Problem details: For this exercise, retype the lines from the one that holds "Этому пятиэтажному зданию" through the one that holds "10.8 Portable DVD" in the records below, both included, exactly and without pictures.

━━━ Given records

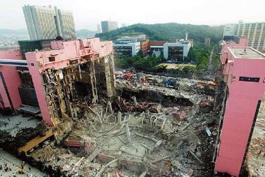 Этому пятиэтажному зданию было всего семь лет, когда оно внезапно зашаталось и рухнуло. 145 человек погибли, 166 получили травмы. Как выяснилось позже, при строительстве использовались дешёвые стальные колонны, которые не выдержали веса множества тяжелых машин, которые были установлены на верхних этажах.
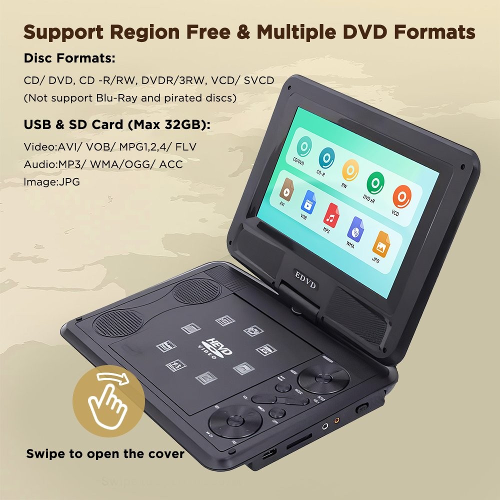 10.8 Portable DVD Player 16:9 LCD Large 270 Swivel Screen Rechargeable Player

━━━━━━
━━━ Given records

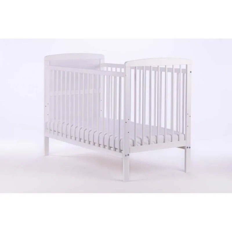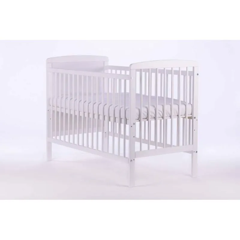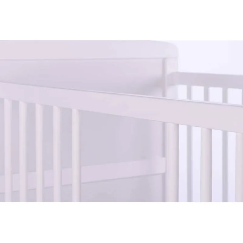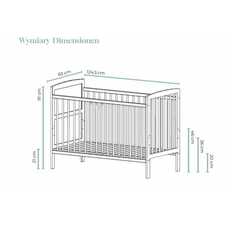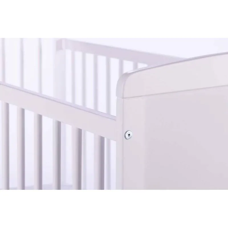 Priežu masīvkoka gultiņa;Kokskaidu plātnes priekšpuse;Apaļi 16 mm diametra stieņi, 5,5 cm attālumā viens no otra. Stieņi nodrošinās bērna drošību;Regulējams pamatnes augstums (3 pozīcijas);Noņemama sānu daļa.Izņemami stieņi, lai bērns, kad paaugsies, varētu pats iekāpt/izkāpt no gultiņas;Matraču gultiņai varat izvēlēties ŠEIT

━━━━━━

Response to this exercise:
 Этому пятиэтажному зданию было всего семь лет, когда оно внезапно зашаталось и рухнуло. 145 человек погибли, 166 получили травмы. Как выяснилось позже, при строительстве использовались дешёвые стальные колонны, которые не выдержали веса множества тяжелых машин, которые были установлены на верхних этажах.
 10.8 Portable DVD Player 16:9 LCD Large 270 Swivel Screen Rechargeable Player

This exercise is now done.